* Requirement
Both the line containing "2016年11月24日9時5" and the line containing "fifty years, in" belong to the span. Output exactly that span from the listing below, and nothing outside it.

* Entries shown
=== Section Start ===

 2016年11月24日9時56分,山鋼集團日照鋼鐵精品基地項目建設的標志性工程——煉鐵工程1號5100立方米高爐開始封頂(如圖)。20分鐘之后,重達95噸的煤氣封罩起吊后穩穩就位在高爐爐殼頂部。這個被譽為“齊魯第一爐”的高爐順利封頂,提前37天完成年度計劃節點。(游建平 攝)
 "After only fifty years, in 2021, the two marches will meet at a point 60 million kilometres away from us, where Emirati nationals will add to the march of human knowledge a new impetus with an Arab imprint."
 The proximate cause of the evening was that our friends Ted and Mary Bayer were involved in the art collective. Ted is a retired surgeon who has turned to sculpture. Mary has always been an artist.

=== Section End ===
=== Section Start ===

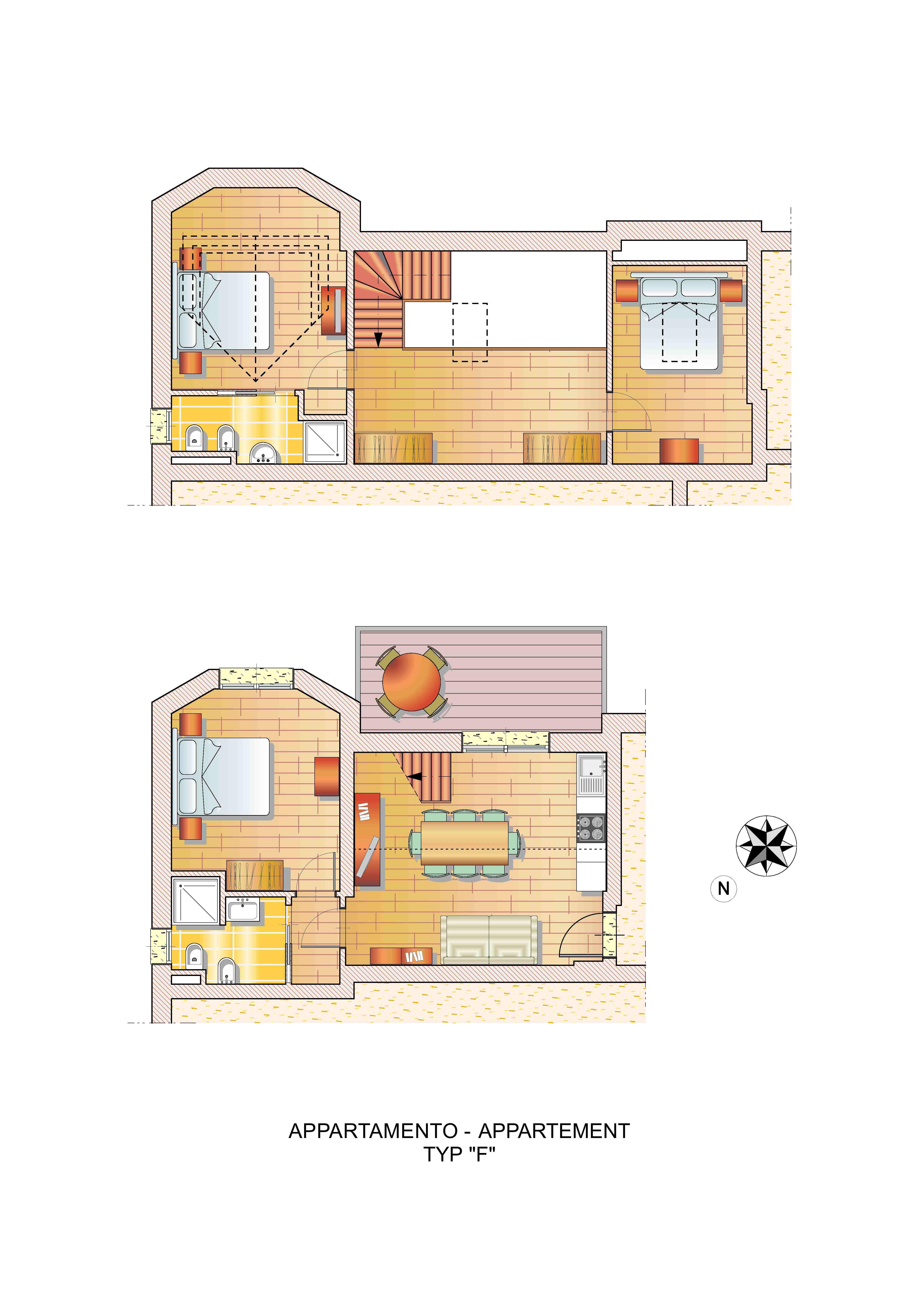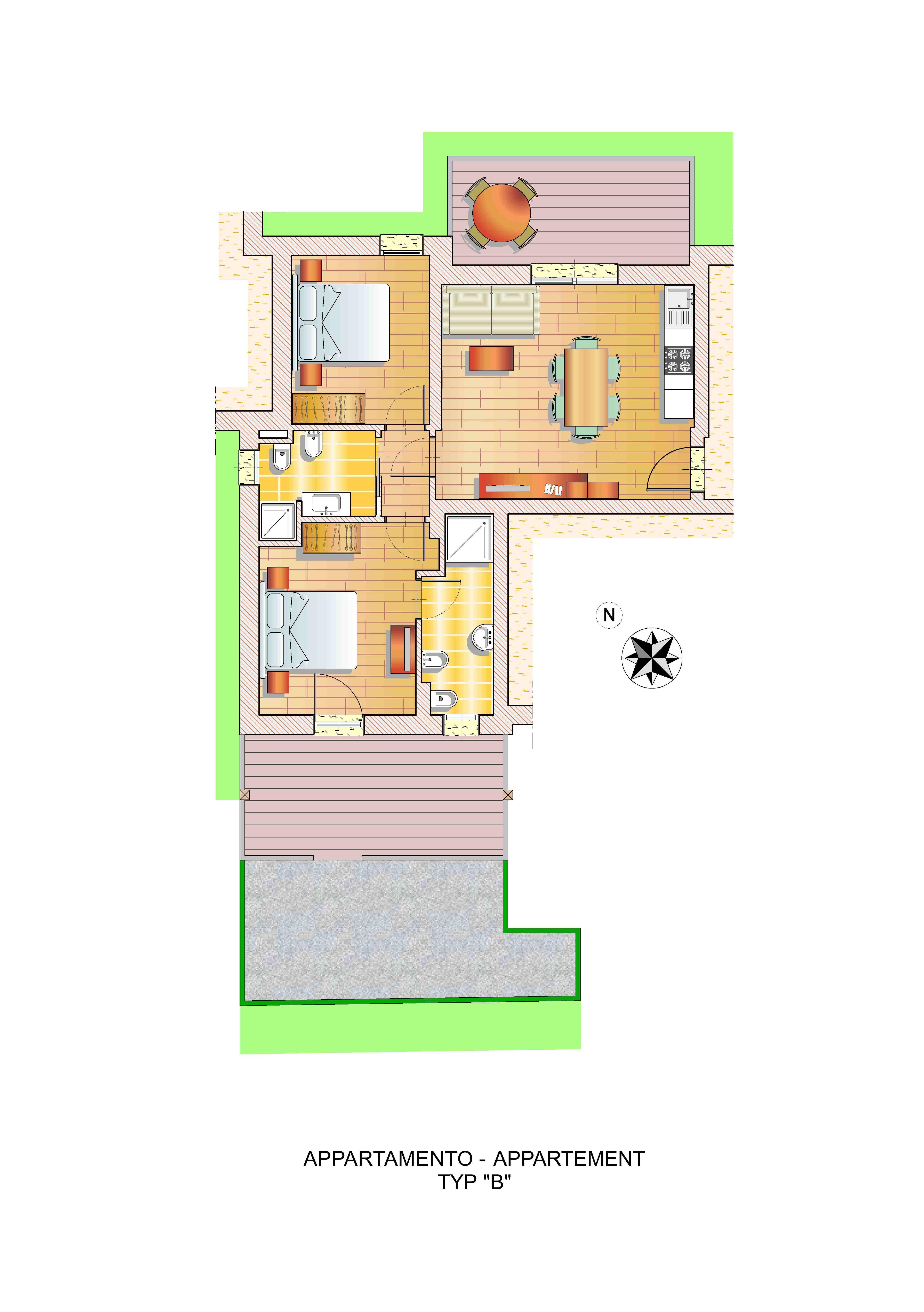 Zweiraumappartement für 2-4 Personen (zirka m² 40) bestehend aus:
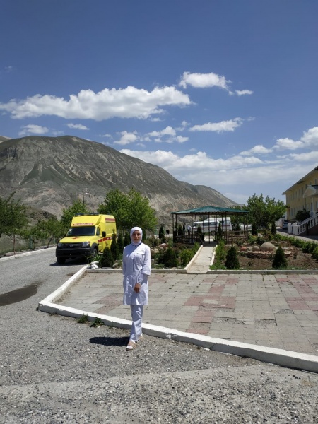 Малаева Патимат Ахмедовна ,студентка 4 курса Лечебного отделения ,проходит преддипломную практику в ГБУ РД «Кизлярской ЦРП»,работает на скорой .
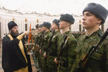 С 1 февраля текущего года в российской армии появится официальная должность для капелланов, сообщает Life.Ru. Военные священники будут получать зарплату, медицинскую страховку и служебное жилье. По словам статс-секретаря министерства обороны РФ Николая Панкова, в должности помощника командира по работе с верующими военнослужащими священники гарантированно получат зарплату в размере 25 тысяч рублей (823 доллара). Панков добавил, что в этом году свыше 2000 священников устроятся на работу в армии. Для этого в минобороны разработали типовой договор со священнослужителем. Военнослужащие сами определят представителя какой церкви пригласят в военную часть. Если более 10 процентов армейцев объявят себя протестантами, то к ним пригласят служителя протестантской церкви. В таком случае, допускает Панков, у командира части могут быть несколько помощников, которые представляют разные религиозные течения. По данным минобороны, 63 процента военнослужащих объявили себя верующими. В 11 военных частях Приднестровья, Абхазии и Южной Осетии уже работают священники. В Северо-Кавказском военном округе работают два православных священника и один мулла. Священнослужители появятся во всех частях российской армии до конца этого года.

=== Section End ===
=== Section Start ===

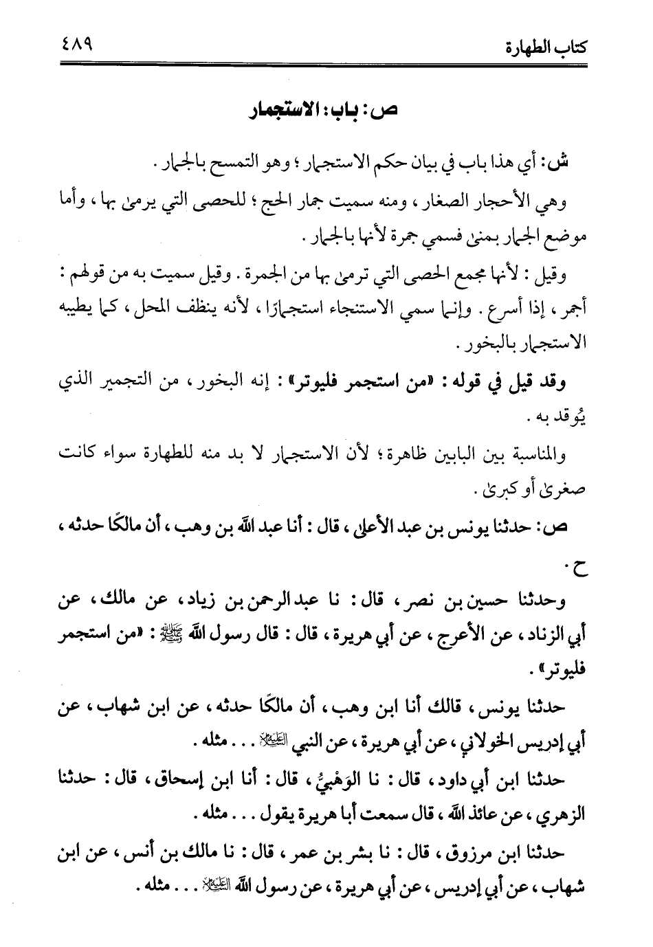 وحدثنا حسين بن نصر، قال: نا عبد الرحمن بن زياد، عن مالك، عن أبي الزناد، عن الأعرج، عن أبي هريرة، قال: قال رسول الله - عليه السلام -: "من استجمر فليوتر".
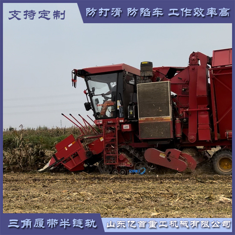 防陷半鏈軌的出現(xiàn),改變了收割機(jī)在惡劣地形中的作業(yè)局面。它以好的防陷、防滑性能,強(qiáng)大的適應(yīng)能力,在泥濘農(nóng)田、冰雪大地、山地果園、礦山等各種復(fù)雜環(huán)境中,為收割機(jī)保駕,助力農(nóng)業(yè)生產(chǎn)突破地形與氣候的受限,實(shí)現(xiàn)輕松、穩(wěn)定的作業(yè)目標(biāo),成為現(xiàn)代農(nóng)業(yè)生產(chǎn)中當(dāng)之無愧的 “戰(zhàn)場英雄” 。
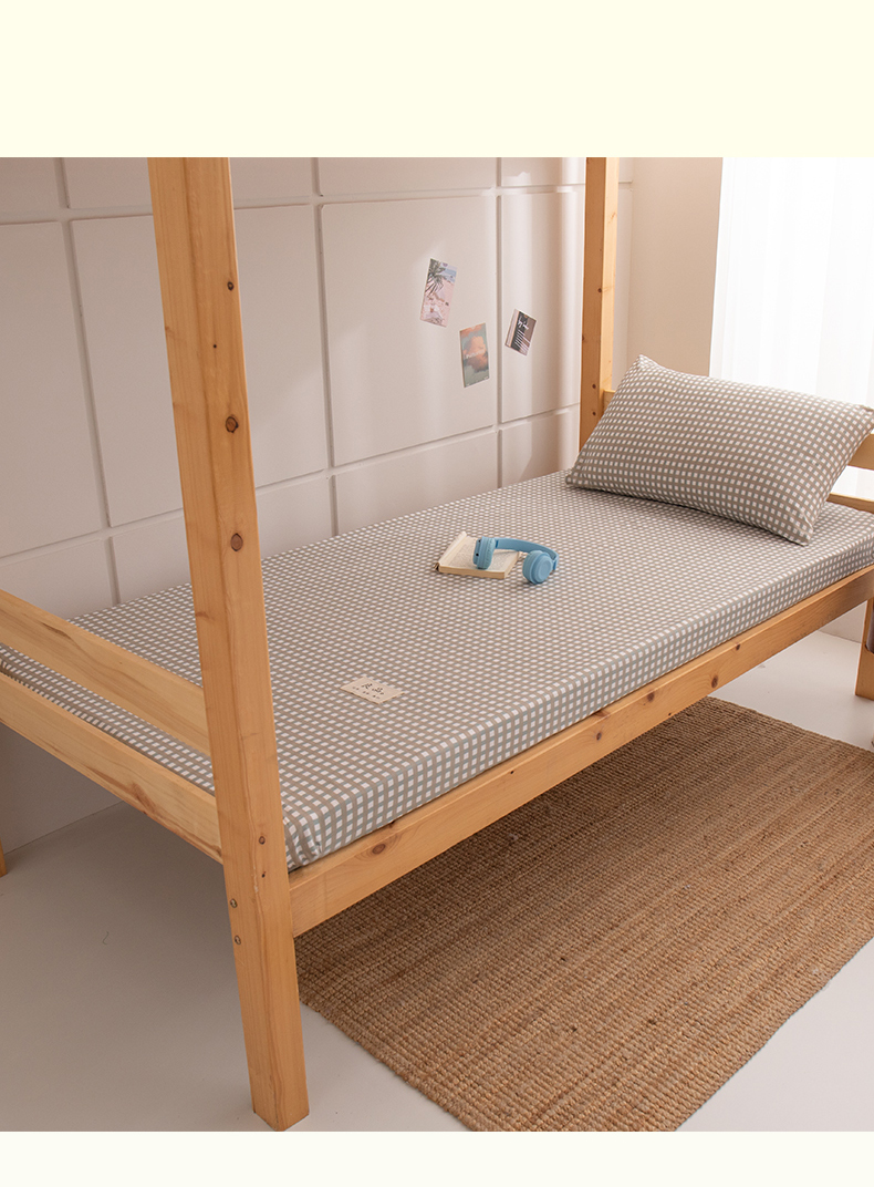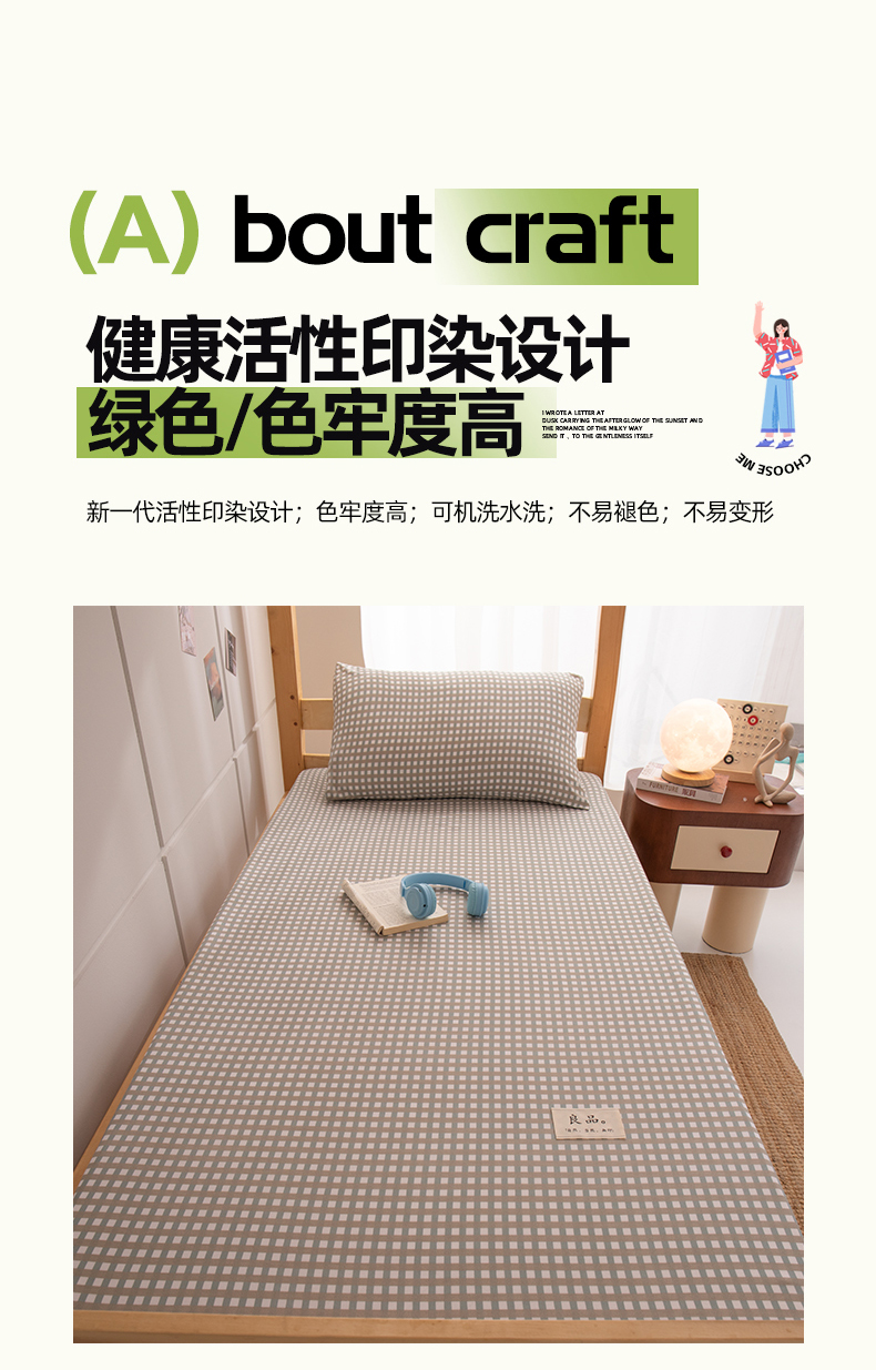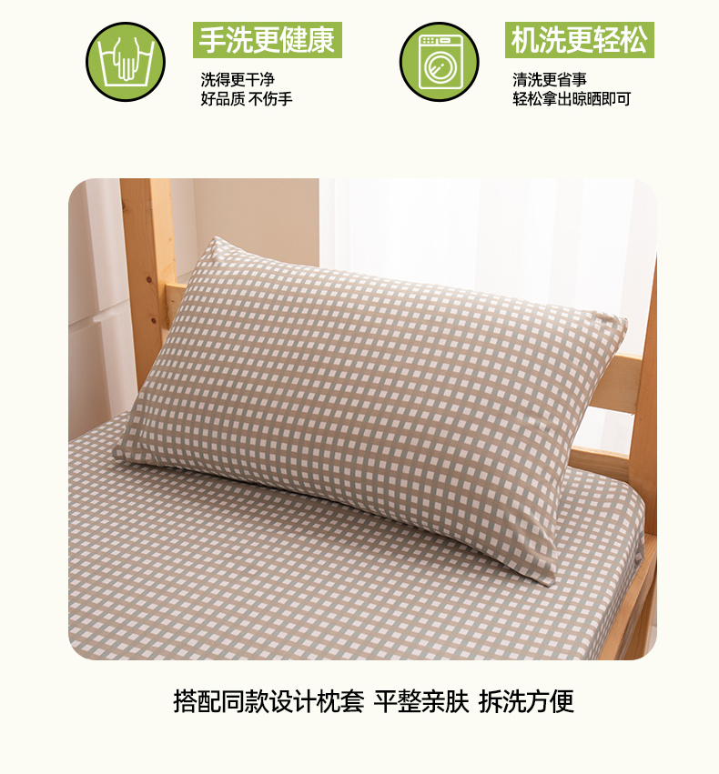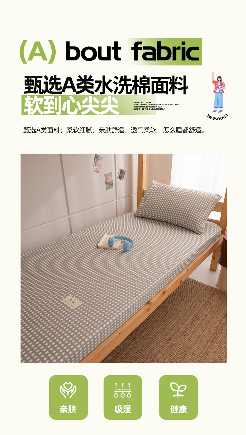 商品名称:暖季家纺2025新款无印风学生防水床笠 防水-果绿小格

=== Section End ===

* Answer box
 2016年11月24日9時56分,山鋼集團日照鋼鐵精品基地項目建設的標志性工程——煉鐵工程1號5100立方米高爐開始封頂(如圖)。20分鐘之后,重達95噸的煤氣封罩起吊后穩穩就位在高爐爐殼頂部。這個被譽為“齊魯第一爐”的高爐順利封頂,提前37天完成年度計劃節點。(游建平 攝)
 "After only fifty years, in 2021, the two marches will meet at a point 60 million kilometres away from us, where Emirati nationals will add to the march of human knowledge a new impetus with an Arab imprint."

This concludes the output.